Vector Clock Dominance Test of Temporal Succession
For our direct test (1) to be useful, we need to keep track of both the vector clocks of events, and the nodes of origination of events.
But what if we don’t keep track of the nodes of origination?
In that case, we can use an equivalent test based solely on vector clocks: the vector clock dominance test.

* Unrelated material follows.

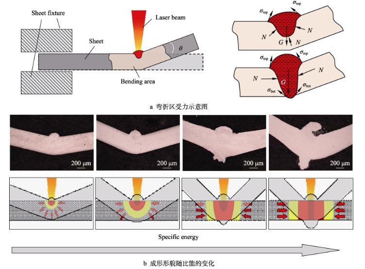 通過觀察激光熱應力成形過程中彎折處的形貌發(fā)現(xiàn),激光熱輸入、彎曲角度和成形機制會影響彎折區(qū)材料表面的擠壓、熔化、流動和凝固過程,以及材料內部的溫度梯度和界面表面張力,這些影響導致彎折區(qū)域的輪廓形貌、粗糙度、顯微組織、硬度分布發(fā)生變化。在激光熱應力成形過程中,熔池的受力情況如圖1a所示。一方面,當比能較小且熔凝區(qū)僅存在金屬板上表面時,薄板彎折處的增厚主要受到左右兩側和下側冷端材料的約束作用,通過作用于上側材料,且上表面局部熔化的材料在頂端表面張力的作用下,形成了頂部凸起的形貌。同時,由于激光瞬態(tài)作用時間較短,熔融材料在激光掃描結束后快速凝固,并在掃描次數(shù)逐漸增加的過程中形成連續(xù)隆起的形貌,在彎折處形貌演變過程中粗糙度逐漸增大。在高比能下,薄板彎折處材料的熔化凝固和塑性變形受到左右兩側材料的橫向約束,該區(qū)域在左右兩側材料的擠壓下增厚。

A vector clock vc1 is dominated by another, vc2, if for every node, the clock value of vc1 is no greater than the corresponding clock value of vc2.

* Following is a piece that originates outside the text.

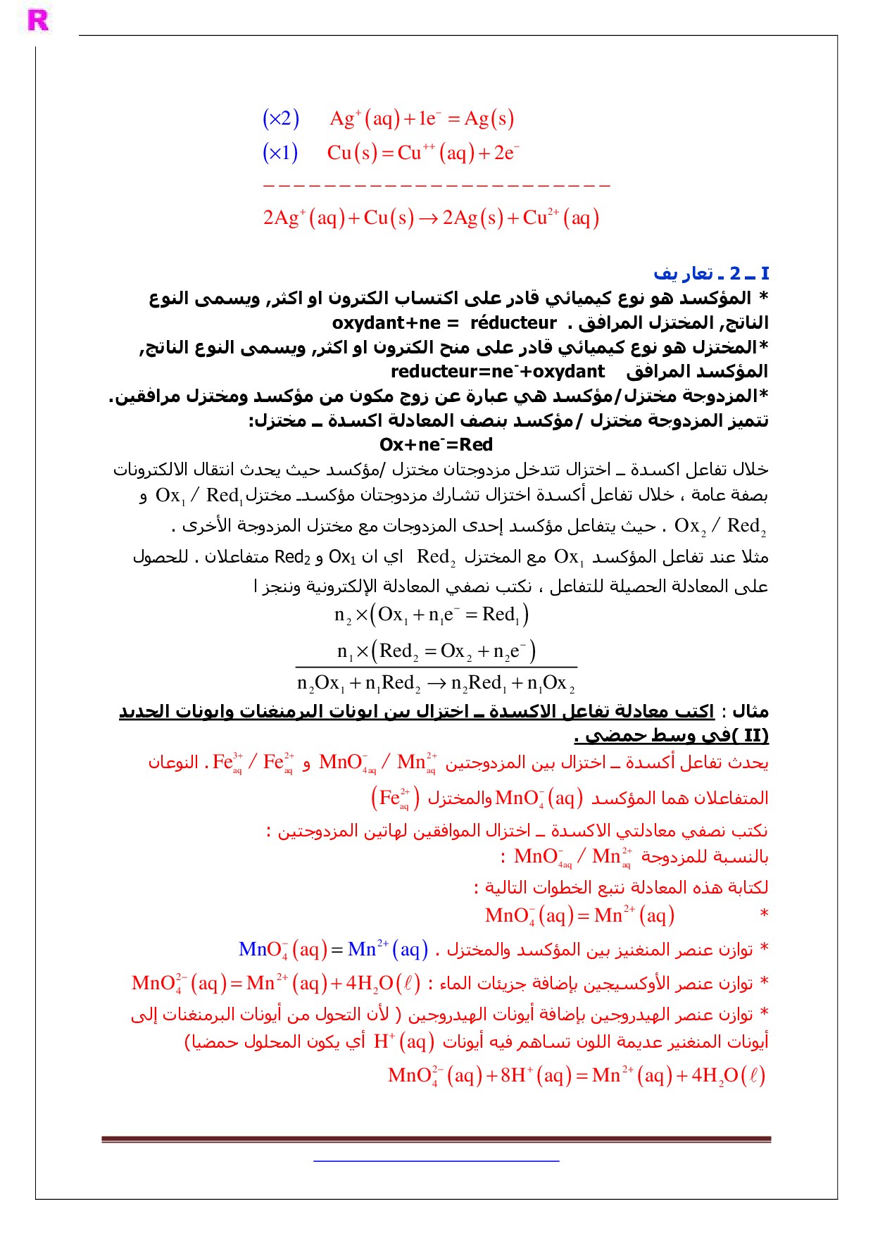 درس التحولات السريعة والتحولات البطيئة لمجموعة كيميائية

It is then easy to demonstrate that:
vector clock dominance is equivalent to temporal succession
Or, in symbols:
E1(n1, c1) <= E2(n2, c2), if and only if,
E1.latestPredecessors <= E2.latestPredecessors
where the relational symbol <= is overloaded to depict both the is-dominated-by relation between vector clocks, and the temporal succession relation between events.
The equivalence of vector clock dominance and temporal succession is a fairly simple consequence of the direct test for temporal succession established above. Here are the details for completeness.
Suppose E1(n1, c1) <= E2(n2, c2). Clearly, since E2 succeeds E1, E2’s predecessors must include all of E1’s predecessors, and so E2’s latest predecessor at each node can’t have occurred any earlier than E1’s latest predecessor. In other words, temporal succession implies vector clock dominance.
Suppose, on the other hand, that E2’s vector clock dominates E1’s: E1(c1, n1).latestPredecessors <= E2(n2, c2).latestPredecessors. Then by the definition of vector clock dominance:
E1(n1, c1).latestPredecessor[n1] <= E2(n2, c2).latestPredecessors[n1] … (2)
(this relation holds for every node, and in particular for node n1). But since the predecessor relation was defined to be reflexive, the latest predecessor of E1(n1, c1) at node n1 (its node of origination), is E1(n1, c1) itself. So (2) simplifies to:
c1 <= E2.latestPredecessors[n1]
which by (1) above implies E1 <= E2.
Propagating Vector Clocks
It is easy to see that when a new event occurs, its vector clock has to become the maximal merge of the vector-clocks of its immediate predecessors plus its own node-clock. The maximal merge of a set S of vector clocks is a vector clock in which the clock value for each node, n, is the maximum clock value for n within the vector clocks in S. This type of computation can easily be performed if we piggy-back the vector clock of a message transmittal event onto the message.
This completes our overview of the use of vector clocks in asynchronous event systems.
What’s Next
As mentioned earlier, this blog forms the backdrop for my next blog on the use of vector clocks in update-anywhere replicated data stores. We’ll see there that just as in our battlefield example, vector clocks help remove obsoleted observations from consideration for each agent, in a replicated data store, vector clocks help remove obsoleted versions of a data item from the data store for each replica of the store.